До Ключей считалось две версты, а от наших гумен длинное село на большой дороге казалось совсем рядом. Оба его конца полого спускались к речке, и центральная часть исчезала за ближним увалом. Все избы прятались за гумнами, в приусадебных садах. Только на левом конце высоко взлетала каменная белая колокольня, а рядом с нею громоздилась барская хоромина, надворные постройки и жёлтые омёты соломы. Мы дошли до межевого полосатого столба и свернули направо. Отсюда широким размахом расстилался волнистый барский выгон — ярко-зелёный, усыпанный полевым разноцветьем. Низкими струнами гудели шмели, а жаворонки звенели всюду.

Когда мы спускались в лощину, заросшую тёрном и охапками ежевики, навстречу нам по узенькой тропинке шла с палкой в руке величавая Паруша.

— Ну, колосочки золотые, куда это вы бежите?

Она обняла меня своей мягкой, тяжёлой рукой и прижала к себе.

— Чую, лён–зелён: на поштву бежишь… Когда вы горели, я ночку‑то в жигулёвке под замком маялась. До бела дня у продуха билась, как зверь в капкане. Тут словно нарочно одно к одному пришлось…

Мы стояли в низинке, в зарослях кудрявых кустарников, окроплённых белыми цветочками, у прозрачного родничка, на дне которого шевелился и вскипал жемчужный песок, а маленький ручеёк сверкал на солнце пронзительными вспышками.

— Нас подожгли, — крикнул я горестно и зло, — а тебя заушили, и никто тебя не отбил! ГТоп‑то не знай откуда, а все перед ним ползают. До него‑то никто тебя обижать не мог. А разве он не знал, что Максим‑то нас поджёг? Они — заодно.

Паруша ласково оттолкнула меня от себя и затряслась от смеха.

— А он сам пришёл ко мне да из жигулёвки выпустил. Христосиком притворился: «Прости, — бает, — меня, христа ради! Не я тебя, — бает, — в узилище бросил, а святая православная церковь за твою еретическую строптивость, чтобы ты одумалась. Несть, — бает, — такого дара и благостыни, какими обсыплет тебя церковь, ежели войдёшь в её лоно». А я ему смеюсь в бороду и бью словами: «У тебя, мол, церковное лоно‑то в утробе. Начальство‑то знает, мол, что самые лютые гонители — отступники. Дай, мол, срок, народ‑то с тебя сторицей взыщет». И пошла мимо него домой. А меня мои милые невестушки под руки подхватили. Плачут–рыдают, а я смеюсь: «Радоваться, мол, дочки, надо. Дьявол‑то от меня отринул и сам себя очернил своими июдиными соблазнами». А нынче приспичило мне к барыне Ермолаевой пойти. Рассказала ей, чего у нас поп‑то делает.

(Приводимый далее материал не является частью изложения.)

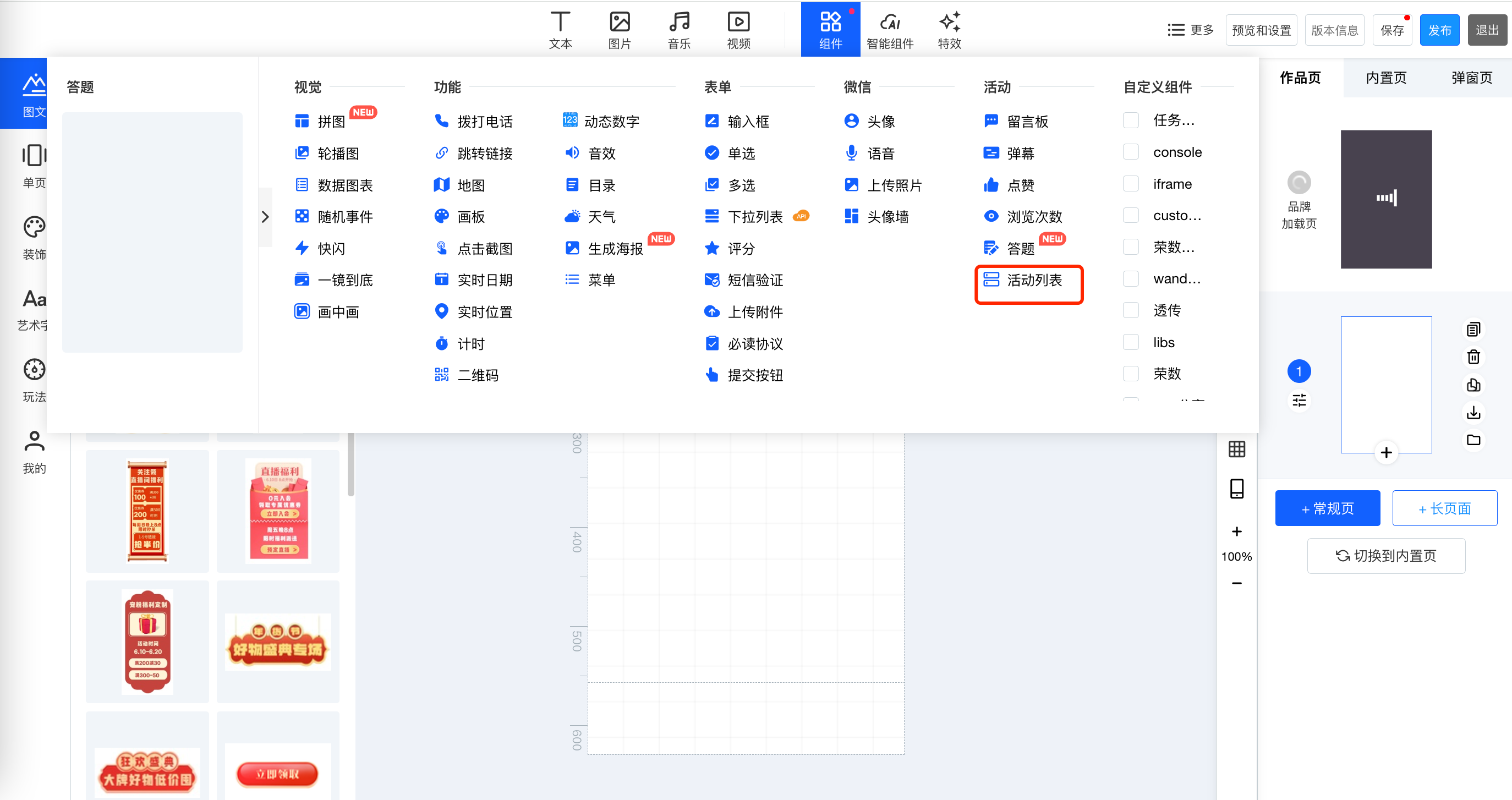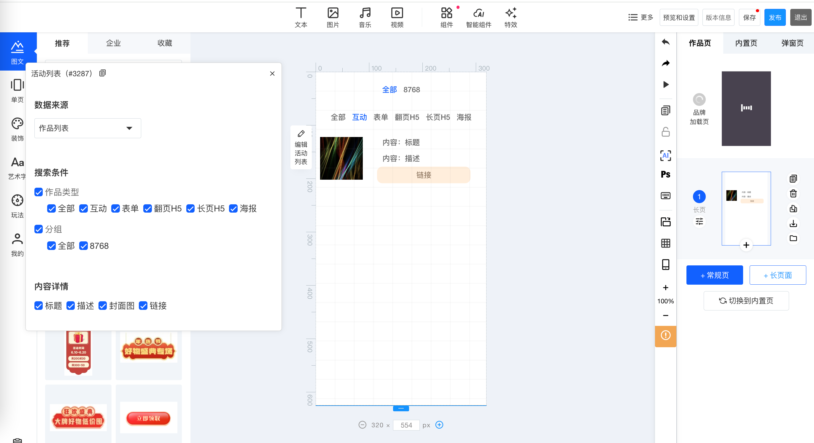 1.作品活动列表,方便嵌入其他客户端查看发布的作品;2.商品列表,方便展示客户商品库中的商品列表;3.稿件列表,融媒体客户稿件展示等等;

А она такая же сырая, как я: ахает, плещет руками и барина зовёт: «Михайло Сергеич, послушай, какие безобразия чернавский поп творит!» Ну, и сам барин, тощой такой, добросердый, прослушал меня. «Я, — бает, — через архиерея в Саратове укрощу его». А нам, золотые колосочки, на себя надеяться надо, самим не плошать, а на архиерея уповать нечего: архиерей‑то сам этого супостата на нас натравил. Ну, а сейчас домой воротимся, на поштве‑то делать вам нечего. Я сама туда наведалась и вот тебе с матерью повестку не; у — денежное письмецо от отца пришло. Нынче же сходите за деньжонками и уезжайте с богом.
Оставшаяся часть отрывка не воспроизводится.